Dataset records START

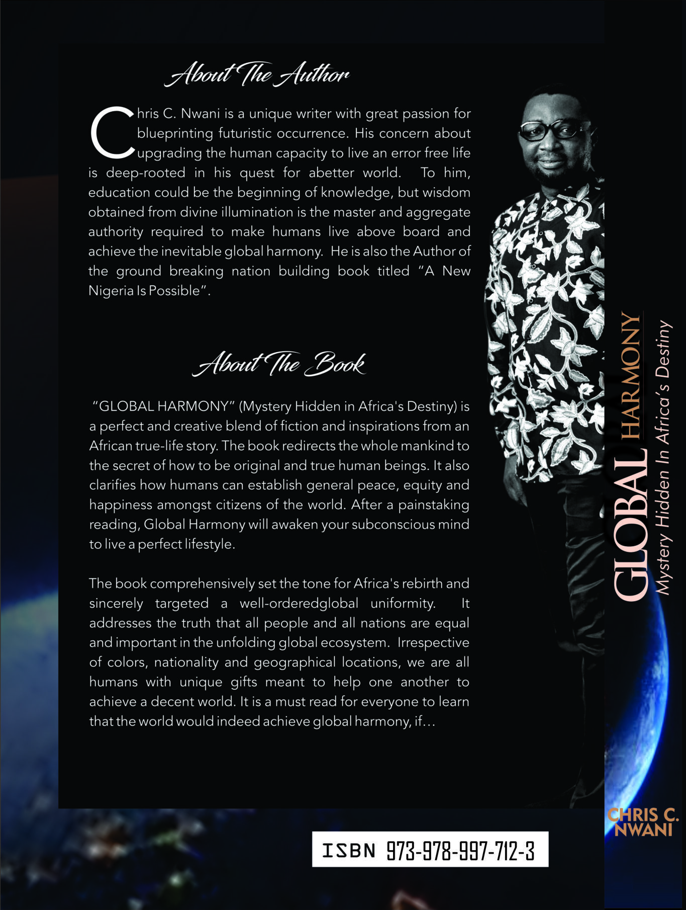 For this purpose, he wrote the book titled GLOBAL HARMONY, to reveal the secret of how citizens of the world can become “real human beings”, capable of restoring love, family ethics and even development, for the joy and happiness of the whole world. For him, he believes that every human challenge has a solution, if only people can answer these questions: “Why the problem?”, “What are the causes?” and “How to reach the desirable solutions?”. He believes that when human beings start providing answers to these three questions compassionately, every problem in the world will be amicably resolved and there will be unparalleled achievement of Global Harmony all over the world.
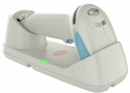 Bluetooth scanner, healthcare, 2D, imager (high density), desinfectable housing, incl. : cable (USB, straight, 3 m, black), charging/transmitter cradle, battery, 2400 mAh, colour: white
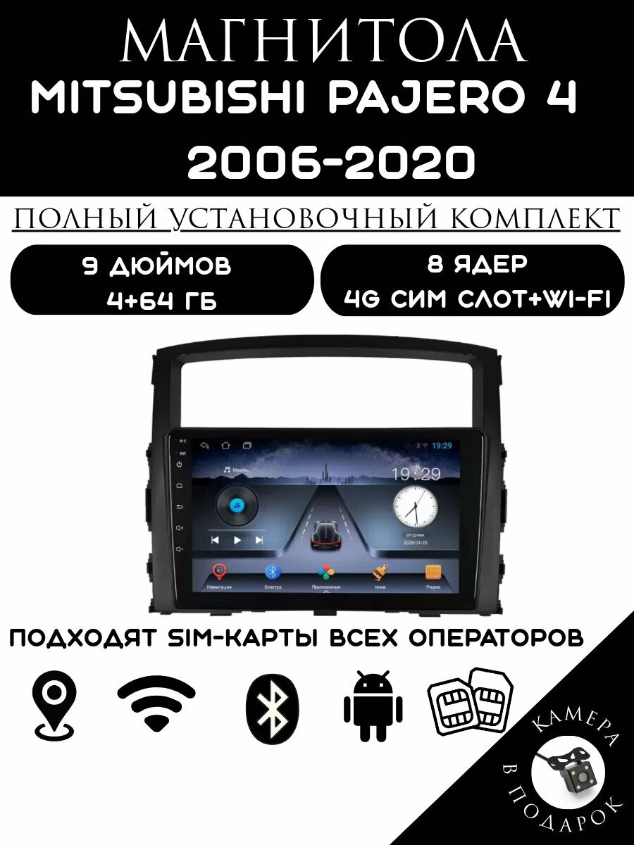 Магнитола 2din 9 дюймов для автомобиля Mitsubishi Pajero 4, 4+64GB, Android 11, Bluetooth, 4G интересное:
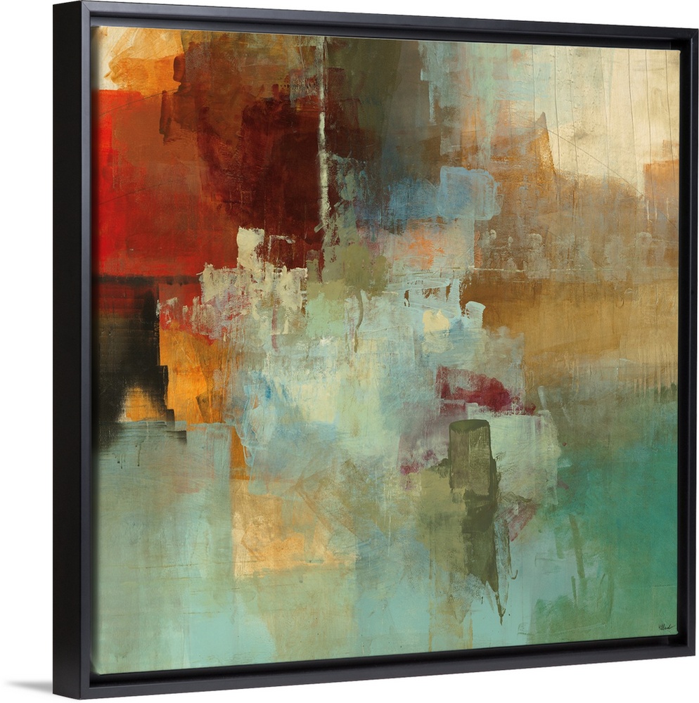<p>Large, square contemporary painting in a variety of warm and cool colors of patchy, square and rectangular shapes, with sponge like brush strokes.</p>
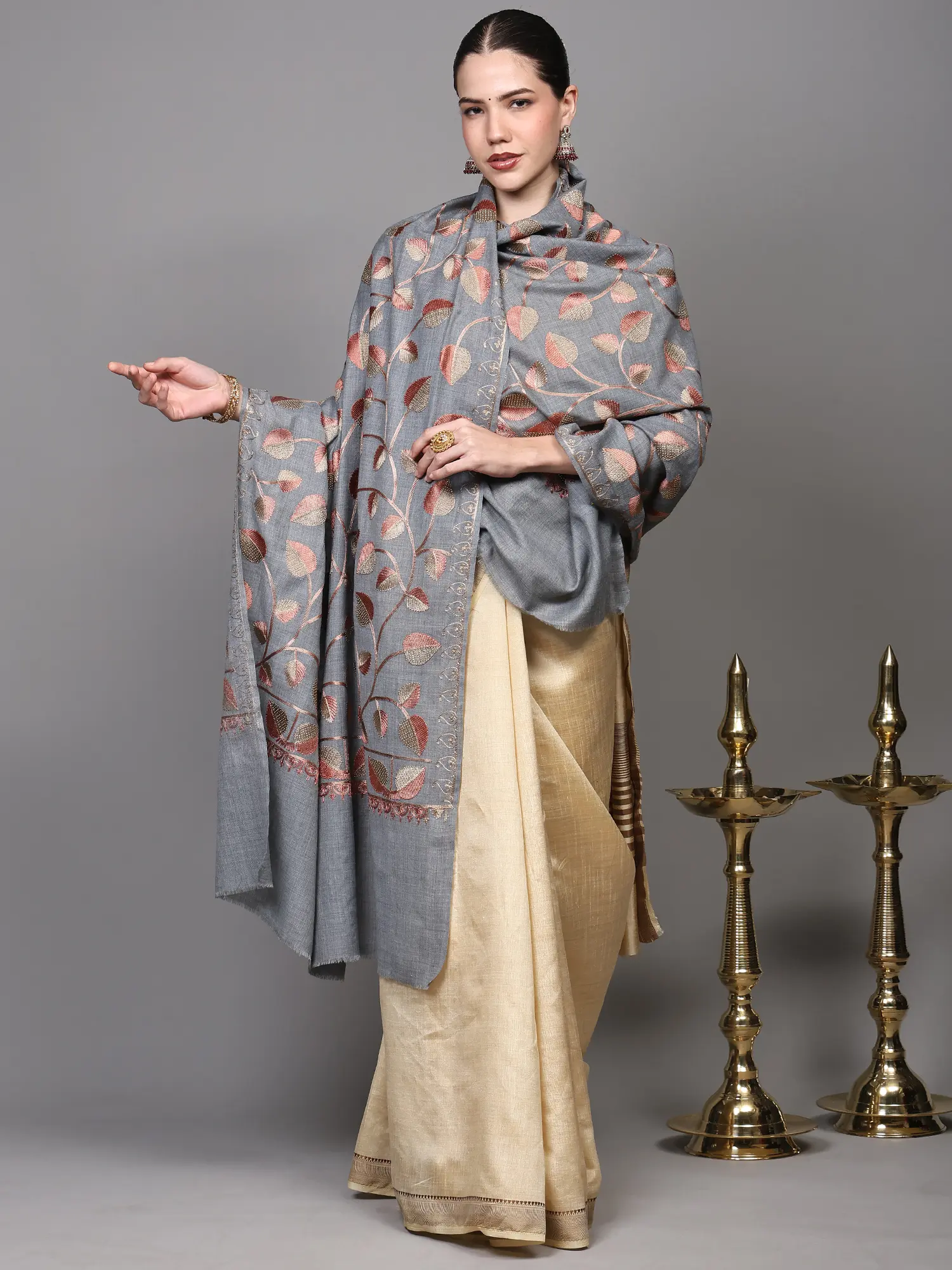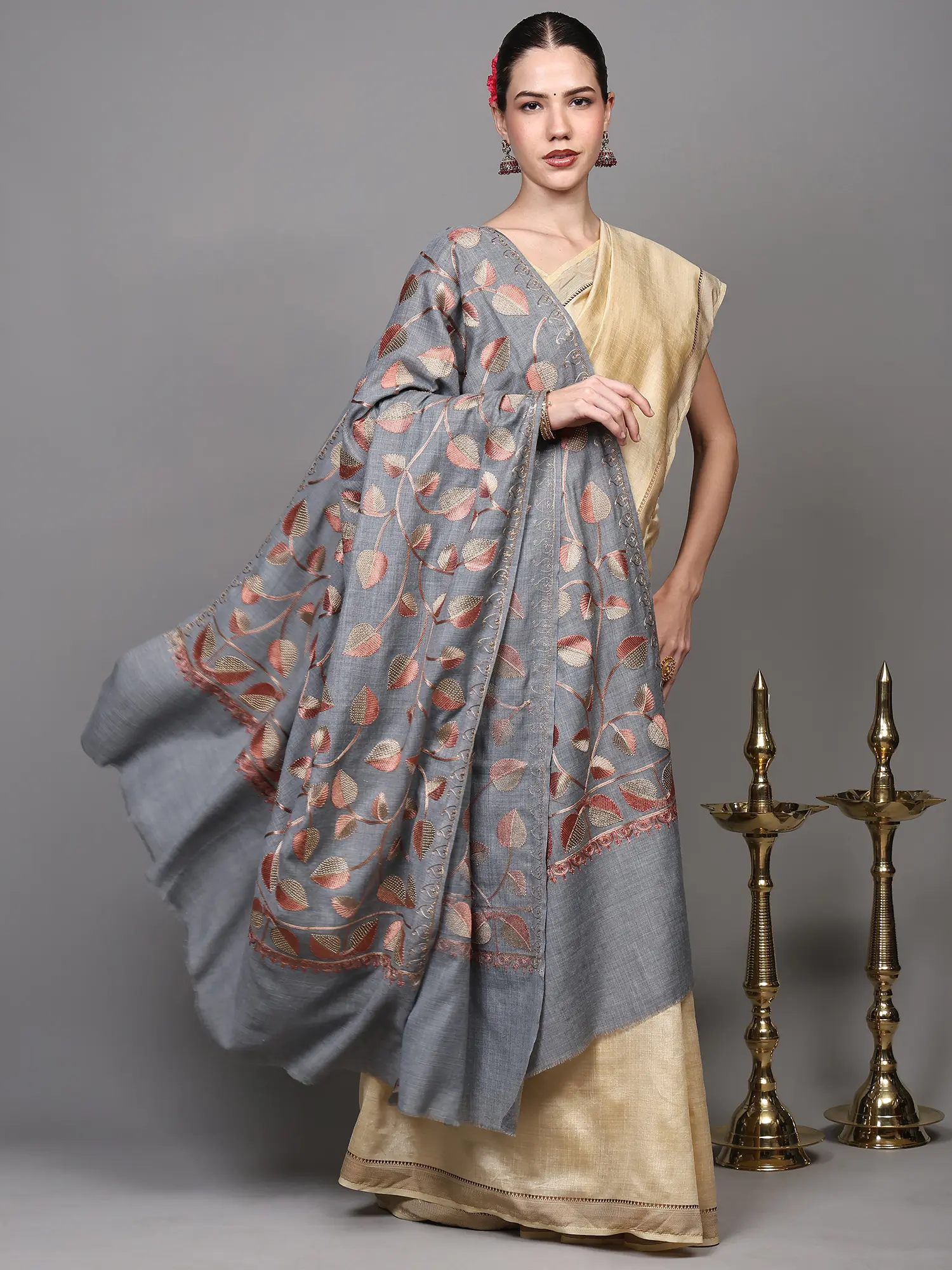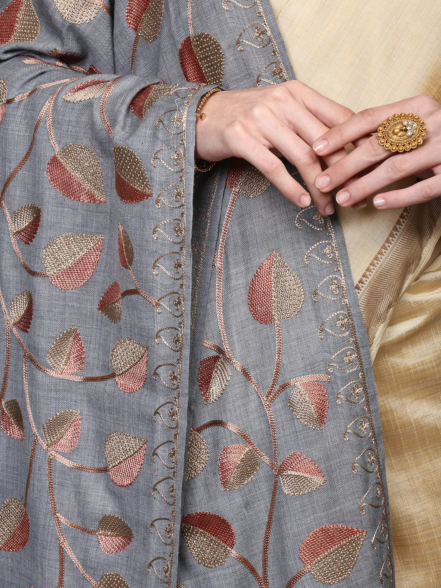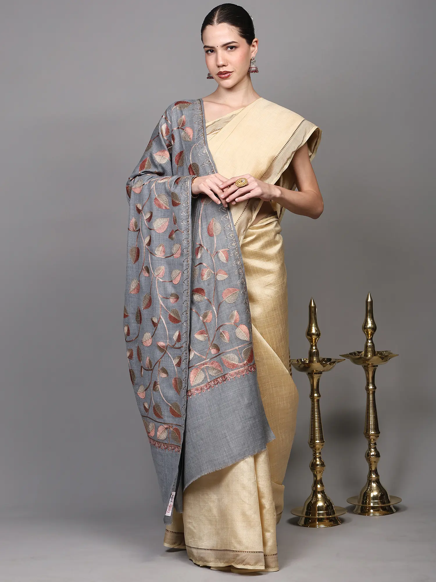 Nomad-Brown Aari Embroidered Shawl
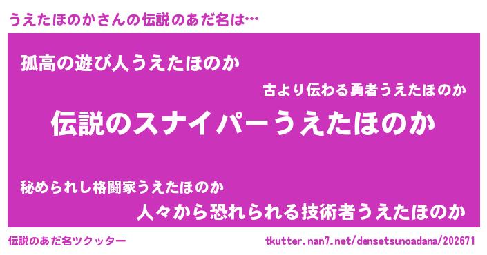 | 胡散臭い通販商品みたいなあだ名 | 『必ず成功する霊験あらたかなお札…その名も「うえたほのか」』 |
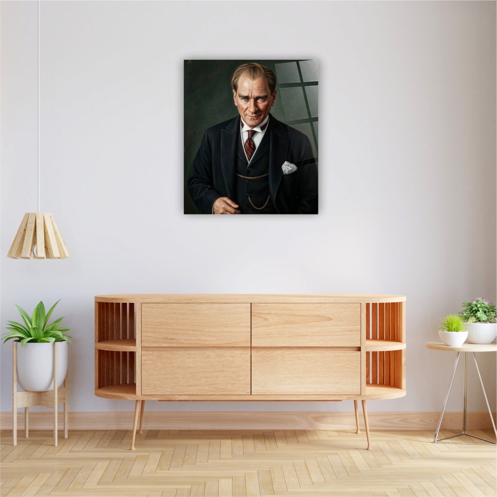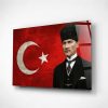 4 mm temperli cam üzerine UV baskılı Atatürk cam tablo. Şık ve modern duvar dekorasyonu.
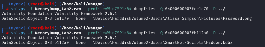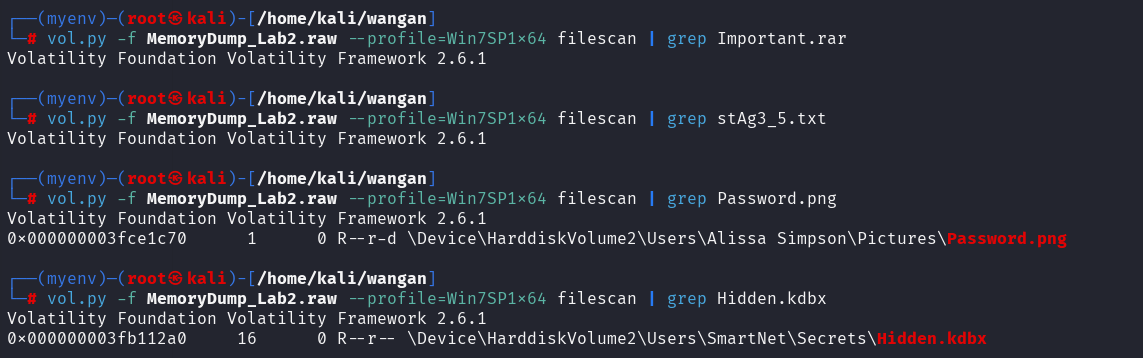 vol.py -f MemoryDump_Lab2.raw --profile=Win7SP1x64 filescan | grep Hidden.kdbx 发现只有最后两个有输出,只能找后面两个文件了
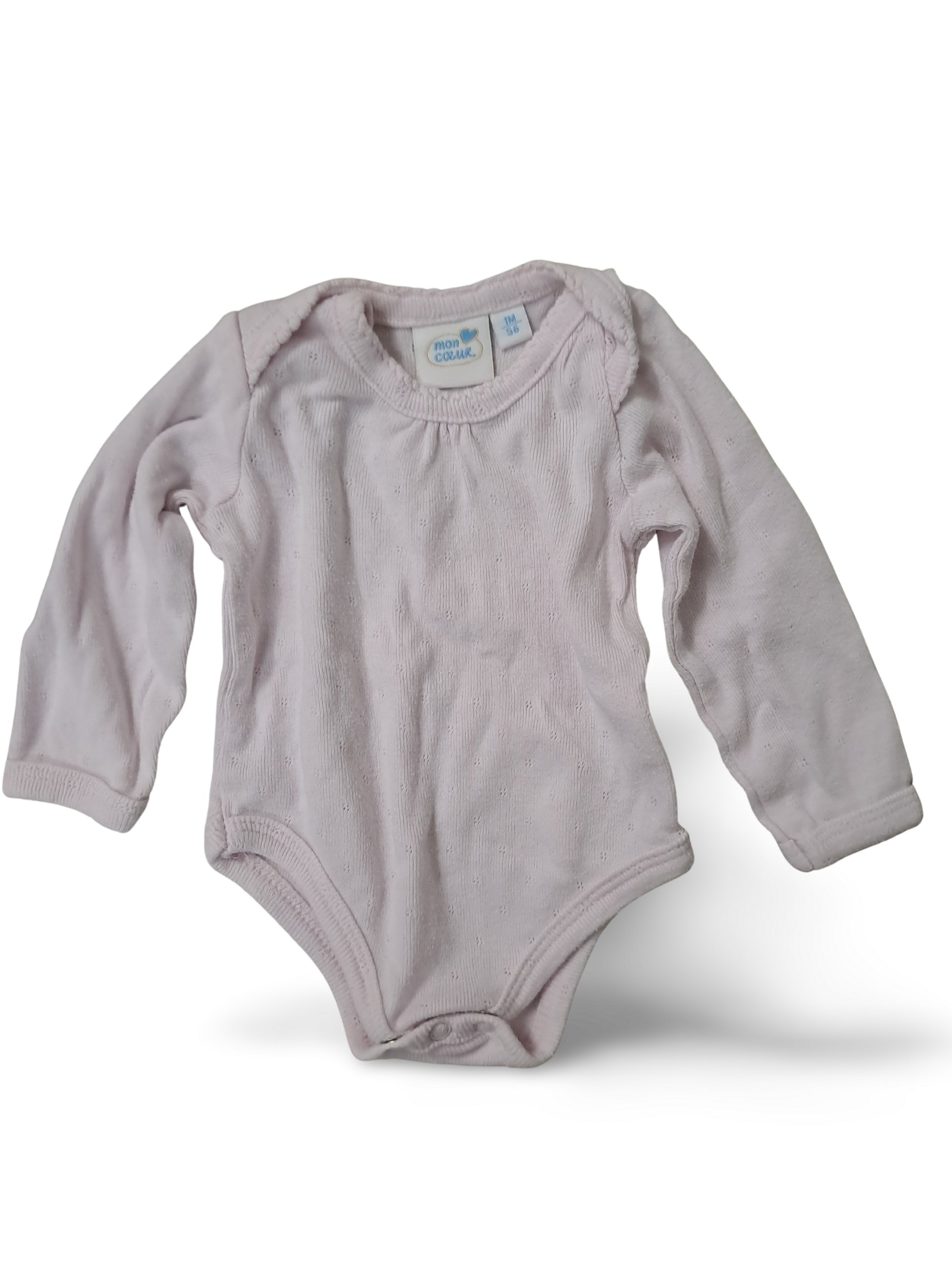 Langarm-Babybody in zartem Rosa mit rundem Halsausschnitt. Mit praktischen Druckknöpfen im Schritt und schlichter, vielseitiger Optik, ideal zum Kombinieren.

Dataset records END

Try it:
Give again exactly the lines from the one holding "<p>Large, square contemporary" to the final line of the records, both ends included, and nothing more. Pictures do not belong in the copy.

Answer to this problem:
<p>Large, square contemporary painting in a variety of warm and cool colors of patchy, square and rectangular shapes, with sponge like brush strokes.</p>
 Nomad-Brown Aari Embroidered Shawl
 | 胡散臭い通販商品みたいなあだ名 | 『必ず成功する霊験あらたかなお札…その名も「うえたほのか」』 |
 4 mm temperli cam üzerine UV baskılı Atatürk cam tablo. Şık ve modern duvar dekorasyonu.
 vol.py -f MemoryDump_Lab2.raw --profile=Win7SP1x64 filescan | grep Hidden.kdbx 发现只有最后两个有输出,只能找后面两个文件了
 Langarm-Babybody in zartem Rosa mit rundem Halsausschnitt. Mit praktischen Druckknöpfen im Schritt und schlichter, vielseitiger Optik, ideal zum Kombinieren.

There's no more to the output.